Source material:
►

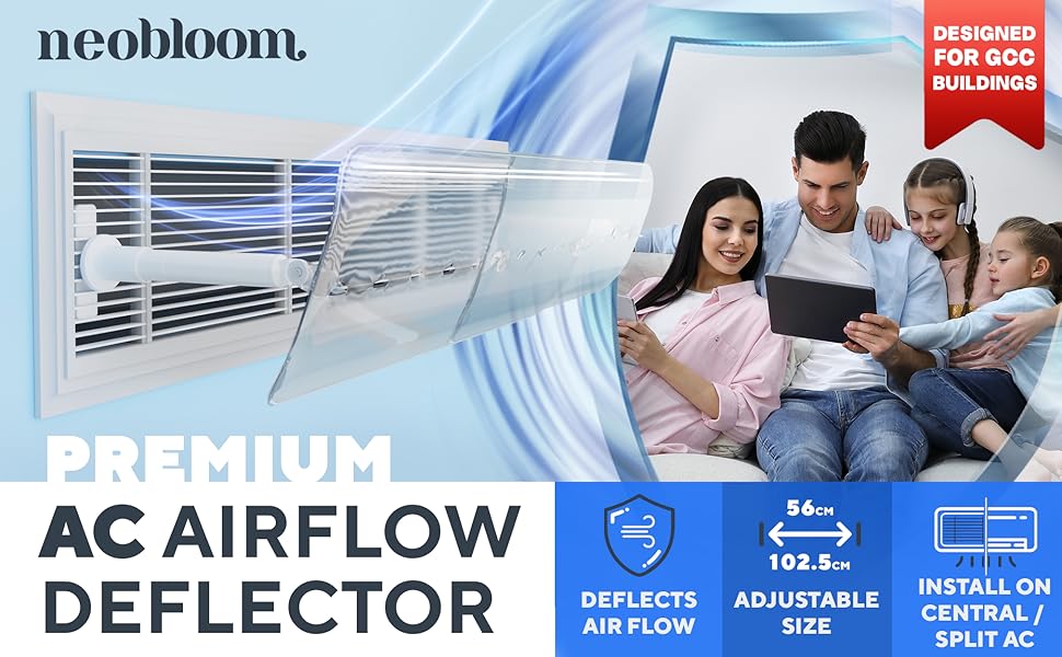 The Split AC Deflector Central is a universal, adjustable airflow solution (56-102.5 cm) designed for central AC vents, registers, and grilles. It features easy installation with included wall and ceiling brackets, durable construction for long-lasting use, and a compact design that enhances room comfort by directing cool air precisely where needed.
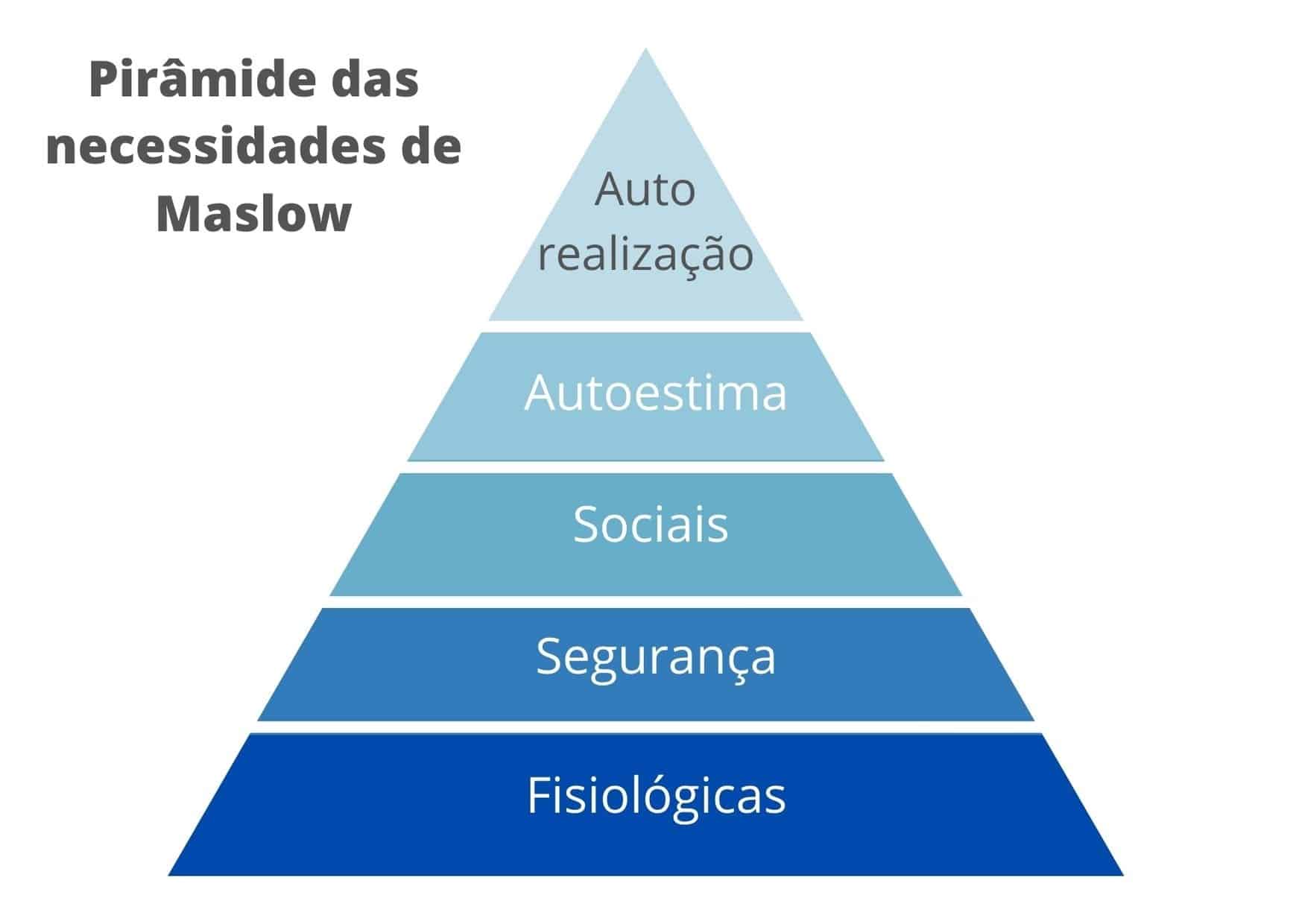 Pirâmide das necessidades de Maslow, com identificação dos vários níveis de necessidades humanas: Fisiológicas, segurança, sociais, autoestima e autorealização
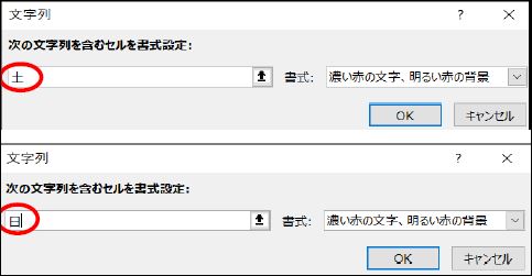 ●「ホーム」→「条件付き書式」→「セルの強調表示ルール」→「文字列」を選択し下図の入力を行う。

◄

Work required:
From the material above, reproduce everything verbatim except the pictures.

Solution for this exercise:
 The Split AC Deflector Central is a universal, adjustable airflow solution (56-102.5 cm) designed for central AC vents, registers, and grilles. It features easy installation with included wall and ceiling brackets, durable construction for long-lasting use, and a compact design that enhances room comfort by directing cool air precisely where needed.
 Pirâmide das necessidades de Maslow, com identificação dos vários níveis de necessidades humanas: Fisiológicas, segurança, sociais, autoestima e autorealização
 ●「ホーム」→「条件付き書式」→「セルの強調表示ルール」→「文字列」を選択し下図の入力を行う。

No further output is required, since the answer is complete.